Dans son admirable plaidoyer critique et constructif pour une notion pédagogiquement vive (pages 19 et sv.), Aziz Jellab avance que la bienveillance ne va pas de soi. En effet, dit-il, la méfiance à l'égard de la bienveillance repose sur le postulat d'une abdication de l'institution scolaire vis-à-sis de l'exigence intellectuelle. Cette méfiance est d'autant plus vive que l'impression du déclin de l'autorité professorale s'est bien répandue. Et le sociologue-inspecteur, s'appuyant sur le rapport Delahaye (2015), d'expliquer en quoi la bienveillance participe de la lutte contre les vulnérabilités et contre un système scolaire profondément inégalitaire. C'est au coeur même de l'expérience ordinaire des apprentissages en classe qu'une bienveillance quotidienne, unie à une exigence de chaque instant, entraînera une véritable démocratisation scolaire. Pour l'auteur (p. 43-44), trois conditions sont nécessaires pour la promotion d'une école bienveillante : la prise de conscience du pouvoir et du poids de l'école sur le devenir des élèves, l'attention au rapport au savoir, et une meilleure évaluation des élèves pour peu qu'elle soit compréhensive, régulière et davantage formative.

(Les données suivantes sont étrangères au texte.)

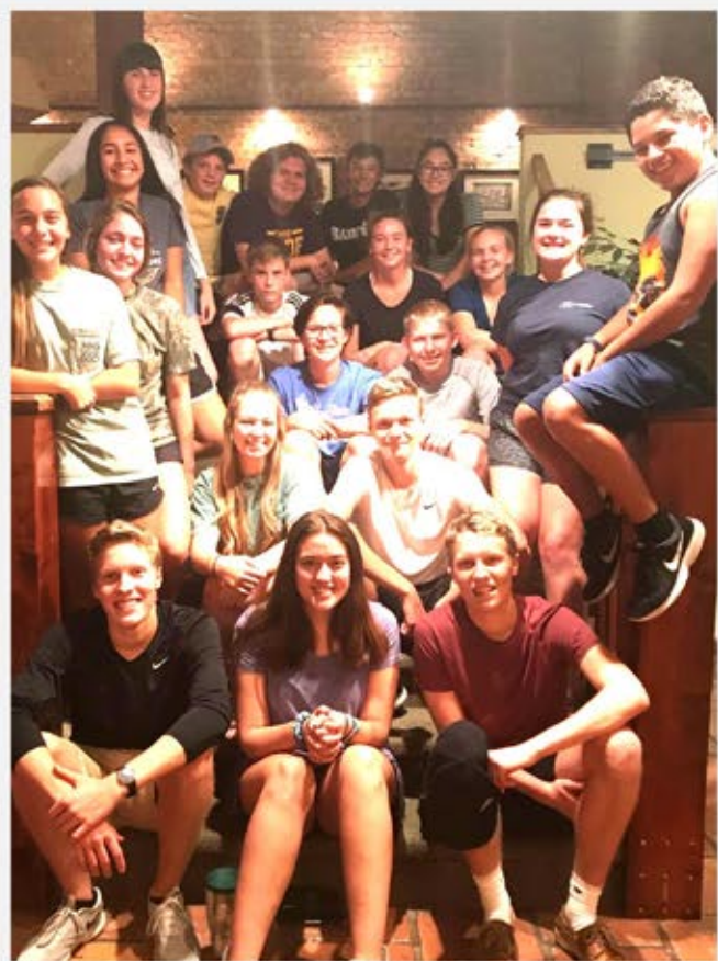
↑ CYF (High School Youth Group)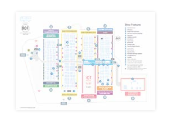
Logo branding on the rollout site map

Exclusive to one Exhibitor, sponsor one of the highest traffic sections of the Guide, maximise your presence and branding and drive relev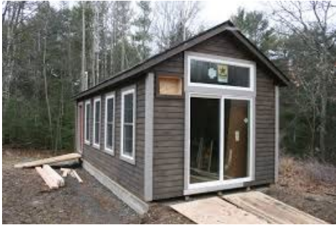
Example windows and general style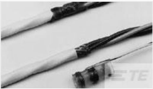
TE Part #470037-000 CWT-9002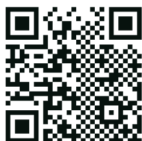
QR code to save as a custom mode

Scan the QR code below to save the cross polarization mode as a custom mode. When the message "Select the number" appears, select one of the three custom settings. Thereby make sure the camera is in a shooting mode (one of the 9 preinstalled modes), since QR codes cannot be scanned in the custom mode.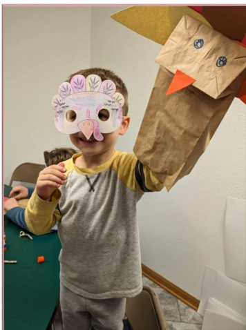
Cooper's fantastic turkey puppet.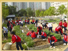
將停車場改建為有機種植園，設置多元教學有機苗圃。 The former car park has been converted to an organic garden with a multi-educational and self-sustaining vegetable nursery.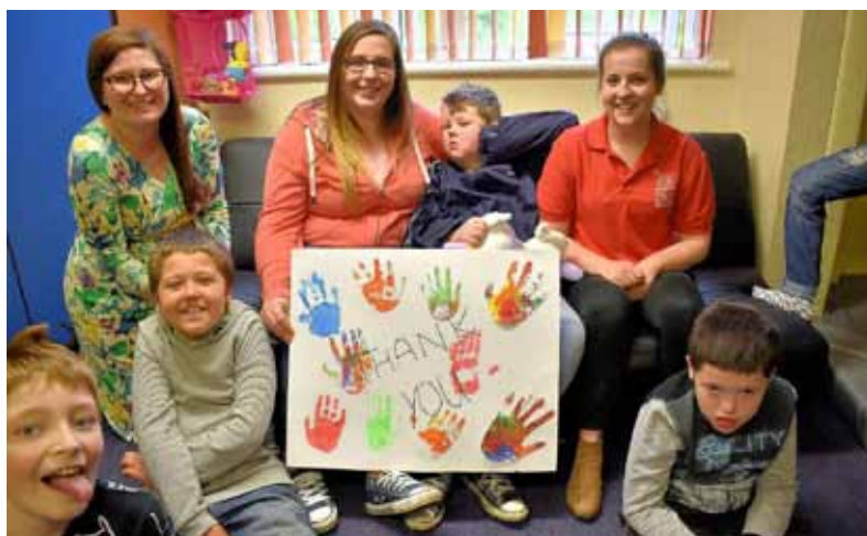
We donate to a number of organisations including this donation to Action for Children's services in Briton Ferry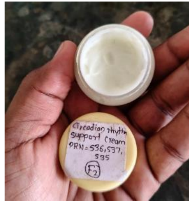
Figure 27: Phase Separation Test.

11. Stability Study: The prepared cream was stored in suitable containers at different temperature conditions. Samples were observed for changes in colour, odour, and appearance. The formulation was checked periodically for phase separation and consistency. pH and viscosity were also evaluated during the study period.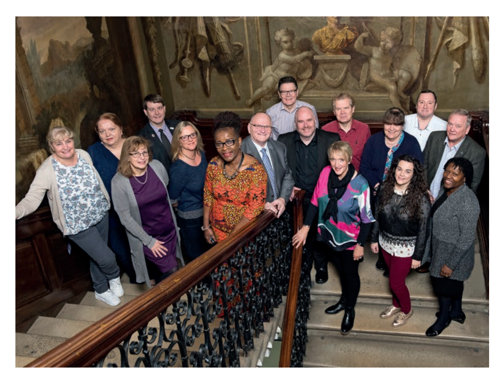
Members of the new, streamlined, RCN Council met for the first time in January. To find out more about Council's role and what was discussed, visit www.rcn.org.uk/governance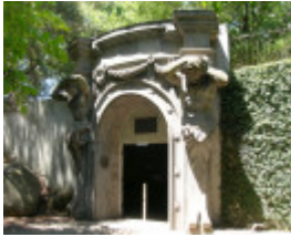
UNDERGROUND CAR PARK SOHE 2008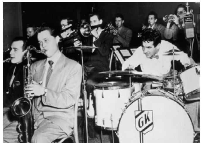
Gene Krupa

C'est l'adulte qui est responsable de la qualité de la relation qu'il crée

Dans le chapitre 2, Christophe Marsollier insiste sur la nécessité d'accorder toute sa valeur éthique à la bienveillance active (p. 57 et sv.). La bienveillance vise à la fois l'épanouissement de l'autre, son bIen-être, ses progrès et sa protection. Dans le contexte éducatif de l'école et au regard de l'asymétrie de toute relation éducative et pédagogique, c'est l'adulte et lui seul qui est responsable de la qualité de la relation qu'il crée. Selon son degré d'engagement personnel, la manière avec laquelle il porte son attention et les objets sur lesquels il cible son attention, un acteur peut manifester sa bienveillance sous des formes extrêmement différentes, et de manière plus ou moins active ou passive. (...) La posture active se traduit par une exigence éthique, une dynamique sous-tendue par ce questionnement intérieur : Comment puis-je agir au mieux, pour lui/elle ? Dans une approche rogérienne, l'inspecteur genéral-formateur évoque, en page 62, les principaux constituants de la bienveillance en actes : le respect inconditionnel de chaque élève, une considération positive quant aux possibilités d'évolution et d'apprentissages de l'enfant, un respect de sa dignité et une confiance en ses ressources personnelles.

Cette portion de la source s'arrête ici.